Background: Clinical use of gene therapy is limited by the poor efficacy and accuracy of intracellular DNA delivery. Known concepts of DNA transfection have not yet become clinical routine in the treatment of human disorders. We therefore focused on new transfection methods using different forms of acoustic energy as potentially safe and topographically applicable methods for gene delivery in the field of urology.

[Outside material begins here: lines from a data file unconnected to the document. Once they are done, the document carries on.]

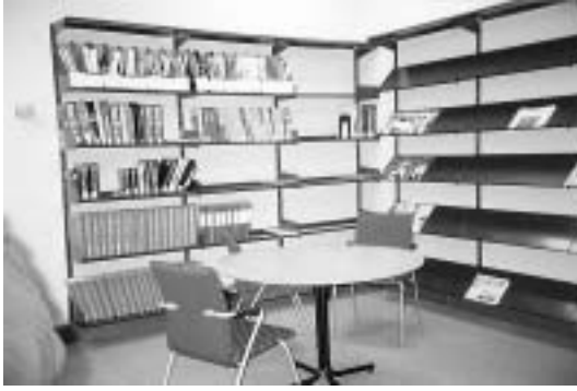
ห้องสมุดมหาวิทยาลัย Otago ประเทศนิวซีแลนด์
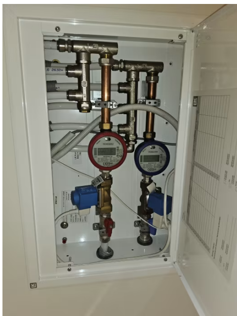
Bilde viser fordelerskap for rør i rørsystem.
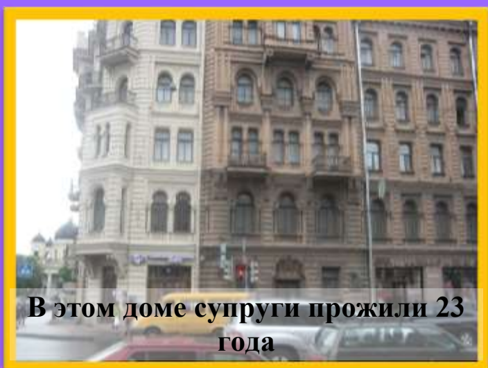
В этом доме супруги прожили 23 года
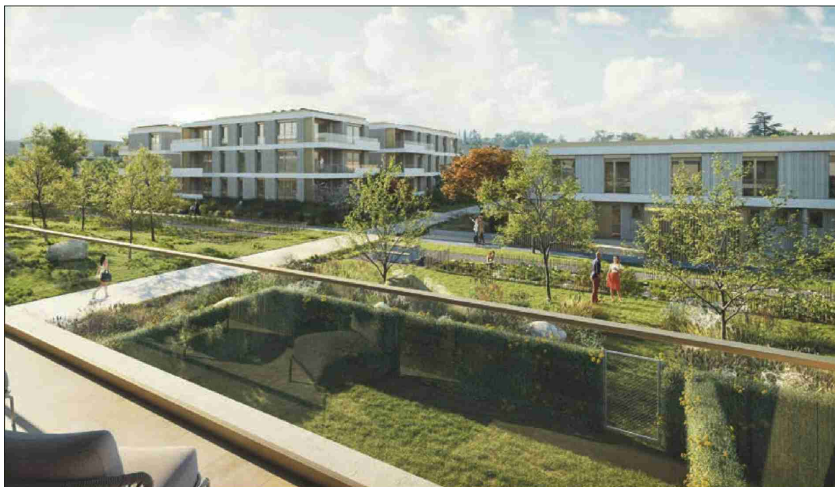
Des arbres, de l'eau et les montagnes en toile de fond.

Sur une surface de presque neuf hectares, un triptyque de bâtis composés d'îlots, de villas et d'une résidence seniors commence à prendre ses quartiers.
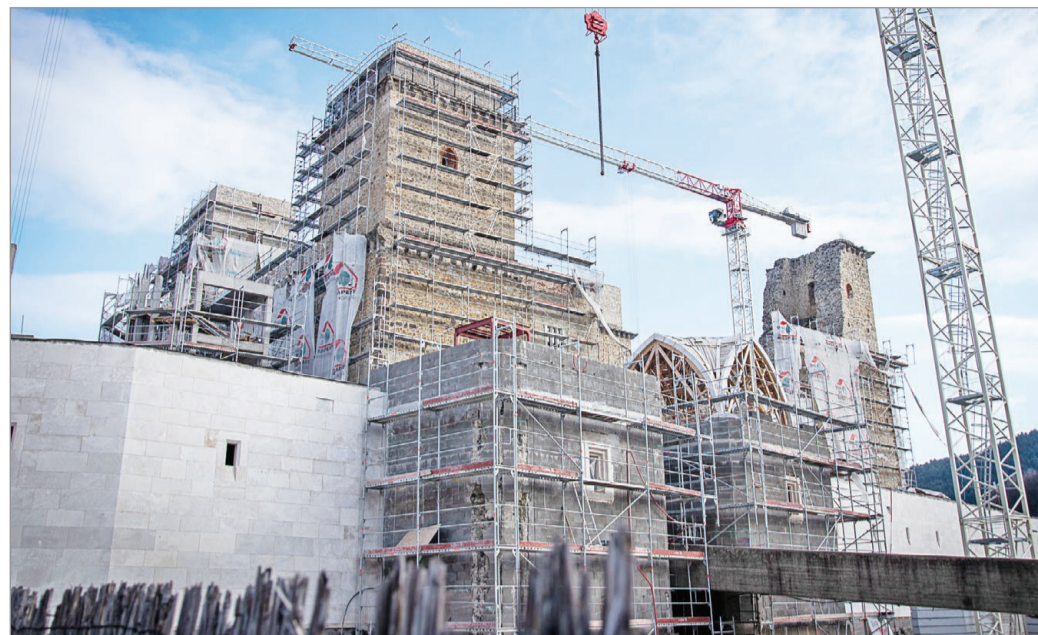
Sokaknak nem tetszik a látvány...

Történt ugyanis, hogy a kormányzat által 2015-ben indított Modern Városok Programon
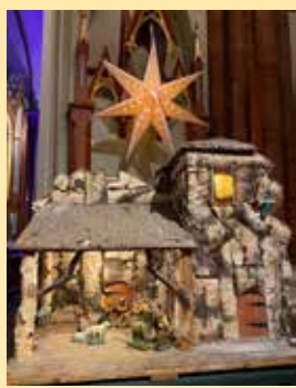
Julekrybben inne i kirken
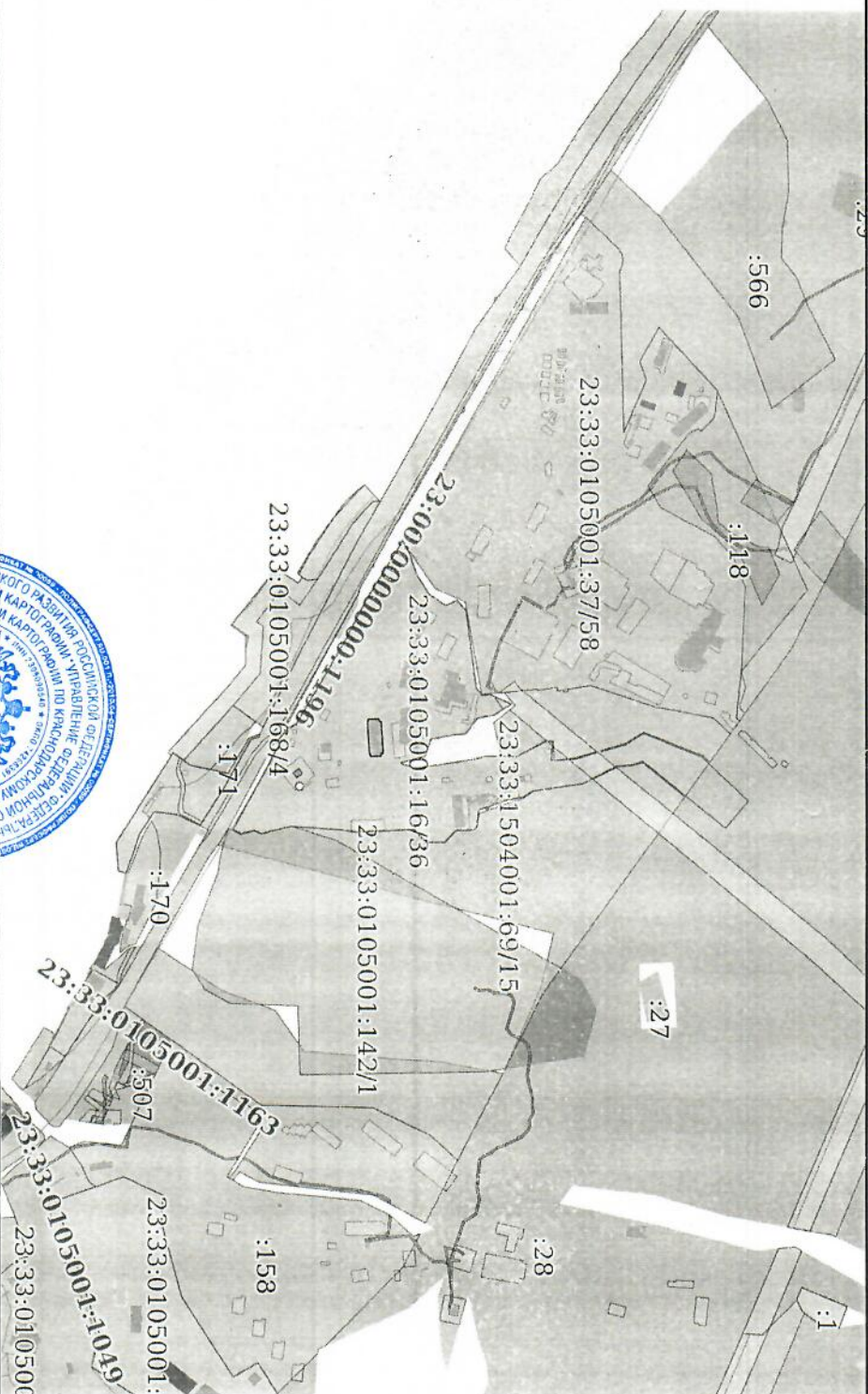
Схема расположения объекта недвижимости (части объекта недвижимости) на земельном участке(ах)
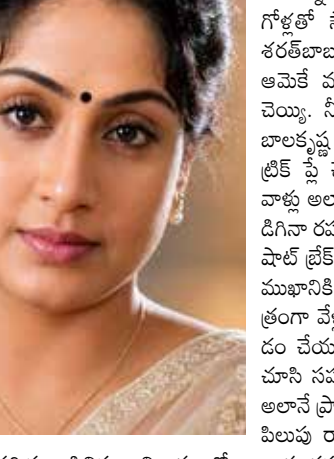
నాట్యాలను ప్రదర్శిస్తూ సినిమా విజయంలో హీరోతో పాటు హీరోయిన్ కి అధిక స్థానం వుండనేమీదే చేసింది. టి.కృష్ణ దృష్టిలో పడటంతో ఆయన దర్శకత్వంలో రూపొందిన నేటి భారతం, వందేమాతరం, దేశంలో దొంగలు పడ్డారు, దేవాలయం, ప్రతిఘటన, రెవెన్యూ పోరులు' చిత్రాలన్ని ఆమెలోని వివిధ పార్శ్వాలును బయటి పెట్టి ప్రభావంతురాలుగా నిరూపించాయి.

అమెరికన్ ప్రతాప్ మాటింగ్ త్రీప్తయ్యలో జరుగుతుందా ఆ చిత్ర సారథి చై. హరి కృష్ణను 'డాడ్' అని పిలిచే అలవాటుతో డాడ్ అని పిలిచింది. 'ఎండుకమ్మాయి' అని ఆయన దగ్గరకు రాగానే ఆయన ముత్యాలతో కనిపించే ఓ సరాన్ని పట్టుకుని లాగి, 'టప్' అనే శబ్దం వచ్చేలా చేసింది. ఆయనకి, ఏమిటమైన నోట్స్ కలగలేదు కానీ ఆ శబ్దం అందరూ చూడూ మూగారు. మరోసారి హరికృష్ణ మీద కృష్ణ అని, తర్వాత శరత్ బాబు చేయి పట్టుకుని అలా చేసింది. "సరాన్ని పట్టుకున్నట్లు రెండు వేళ్లతో పట్టుకుని గోళ్లతో సాండ్ చేయిస్తున్నావు కదా!" అని శరత్ బాబు అడిగితే కాదంటి. యూనిట్ పనులు అమెకే వత్తాను పలికారు. "నా చేతికి అలా చెయ్యి. నీ గుట్టు విప్పతూ, రట్టు చేస్తా" అని బాలకృష్ణ చేయించారు. రెండు సార్లు ఆ ట్రిక్ ప్లే చేసింది. బాలకృష్ణతో బాటు మిగతా వాళ్లు అలా ఆ ప్రయత్నం చేయసాగారు. ఎంత దీనిగా రూపొందినా చెప్పలేదు విజయశాంతి. మరో హిట్ ట్రెక్ లో కర్నీలో కూర్చోని తేతులు రెండు ముఖానికి కొంచెం దూరంలో పెట్టుకుని విచిత్రంగా వేళ్లను కదుపుతూ, తిప్పుతూ మళ్లీ కలపడం చేయసాగారు. ఇంతకీ, ఆమె చేసే పనిని చూసి సహచర నటీనటులు తదితరులు కూడా ఆలానే ప్రాక్టీసు చేయసాగారు. 'హిట్ రెడీ' అని బిల్లుల రాగానే ఆమె వెళ్లి వెళ్లిపోయింది. మిగతా వాళ్లు తమ ప్రాక్టీసు మానేసే లేదు. విజయశాంతి తో మీరు "ఎలా చేస్తారో చెప్పండి" అని అడిగితే కాలక్షేపం కోసం చేసే ట్రిక్ రూపాన్ని చెప్పేస్తే ఎలా?" అని సమస్య వెళ్లిపోయింది.
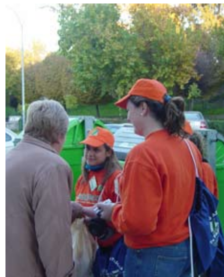
Agentes de Sadeco reparten información junto a los contenedores de reciclaje

Eliminación de plagas y desratización especial en la zona, por parte de un equipo de desinfección.
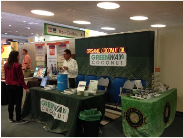
ส่วนหนึ่งของผู้ออกบูชในงานนำเสนอสินค้ำน้ำมันมะพร้าวอินทรีย์
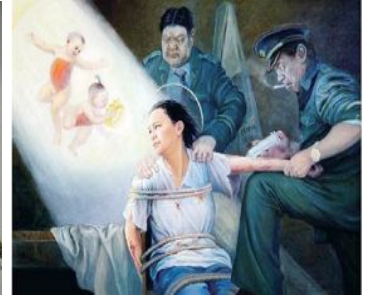
酷刑示意图：电棍电击、打毒针（绘画）

从此我开始了向大家讲清法轮功真相，这一讲就是十六年。我多次上访、自费发资料、面对面讲真相，受的那份冤枉罪，能铺满延庆的山。再苦再累再难，都压不垮我心里头对大法对师父坚如磐石的正信。只要大家明真相，我这心里就是甜甜的。

Materials and methods: Three different cell lines (prostatic and urothelial cancer, benign kidney) were transfected by different forms of acoustic energy. The effect of several parameters of electromagnetic shock wave treatment (number and frequency of impulses, energy flow density and plasmid concentration) as well as focused ultrasound on the transfection rate was assessed in a standardized experimental setup. The transfection rate was measured through reporter genes (pEGFP) by FACScan. Transfection by lipofectamine and electroporation served as positive controls.
Results: All cell lines were transfectable by acoustic energy. Maximum transfection rate was achieved using focused ultrasound (49.5o%; 200 W, 500 ms, 200 microg/ml DNA). 31.3% of kidney cells were transfected by electromagnetic shock waves (1500 impulses, 200 microg/ml DNA, 0.5 mJ/mm2 energy density, 2 Hz). Plasmid strand breaks were identified as a limiting factor of the transfection rate.
Conclusion: Transfection by acoustic energy, especially focused ultrasound, can be achieved at a high level in different cell lines. The possible topical application to urological organs and the low level of side-effects make acoustic energy a promising new gene therapy treatment option in urology.